** Opening Information supplied block **

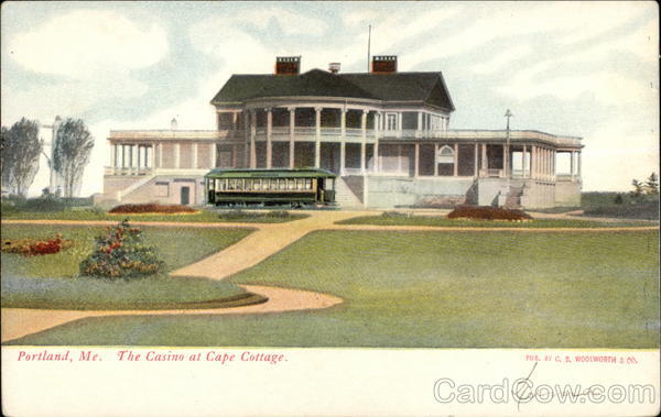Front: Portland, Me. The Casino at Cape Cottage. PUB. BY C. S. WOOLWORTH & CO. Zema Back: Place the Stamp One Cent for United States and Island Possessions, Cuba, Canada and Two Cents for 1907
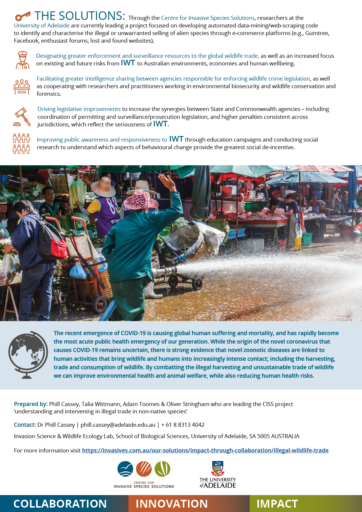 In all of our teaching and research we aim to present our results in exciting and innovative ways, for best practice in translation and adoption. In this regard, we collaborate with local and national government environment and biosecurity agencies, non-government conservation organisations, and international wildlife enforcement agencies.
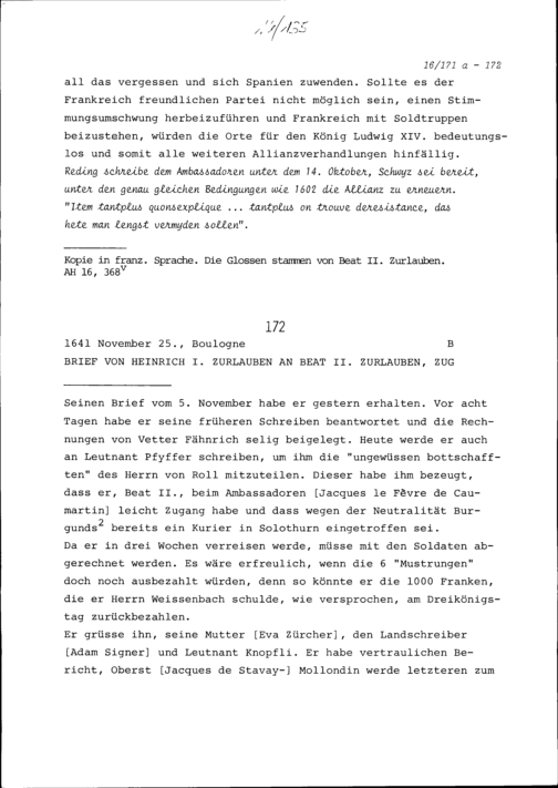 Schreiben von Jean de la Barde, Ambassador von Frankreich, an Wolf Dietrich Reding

** Closing Information supplied block **
** Opening Information supplied block **

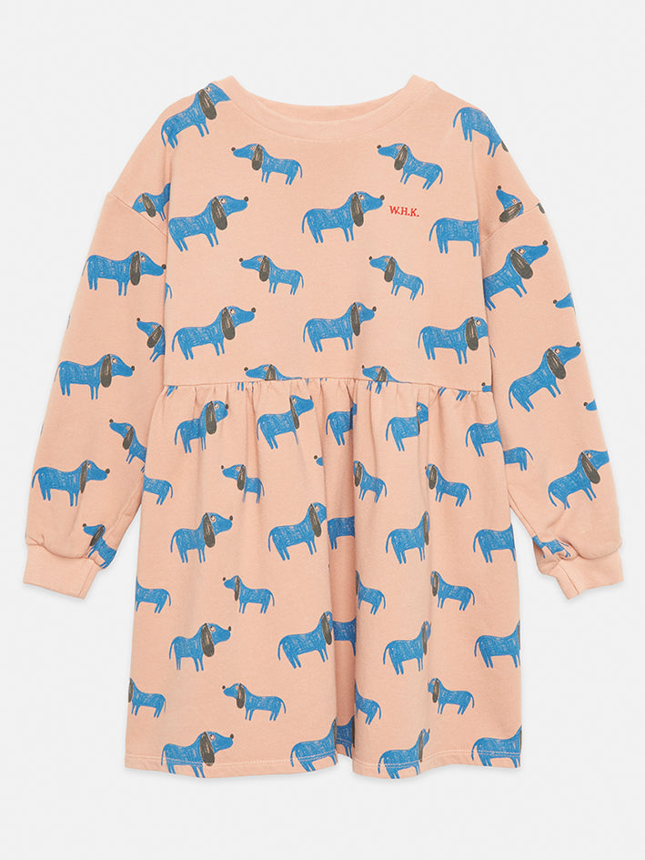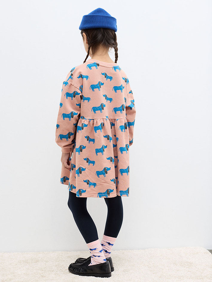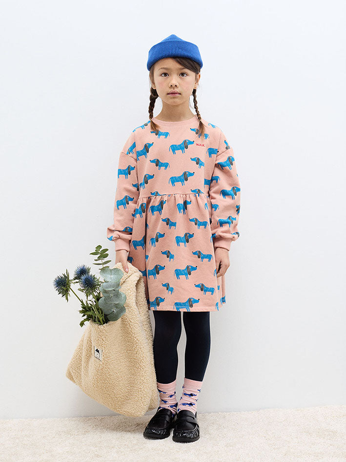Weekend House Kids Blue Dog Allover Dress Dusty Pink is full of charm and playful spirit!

** Closing Information supplied block **

▶ [Task item] In the listing above, find the line containing "Front: Portland, Me." and the line containing "Schreiben von Jean", then output those two lines and everything between them exactly as written, without the images.

▶ [Answer for the task]
Front: Portland, Me. The Casino at Cape Cottage. PUB. BY C. S. WOOLWORTH & CO. Zema Back: Place the Stamp One Cent for United States and Island Possessions, Cuba, Canada and Two Cents for 1907
 In all of our teaching and research we aim to present our results in exciting and innovative ways, for best practice in translation and adoption. In this regard, we collaborate with local and national government environment and biosecurity agencies, non-government conservation organisations, and international wildlife enforcement agencies.
 Schreiben von Jean de la Barde, Ambassador von Frankreich, an Wolf Dietrich Reding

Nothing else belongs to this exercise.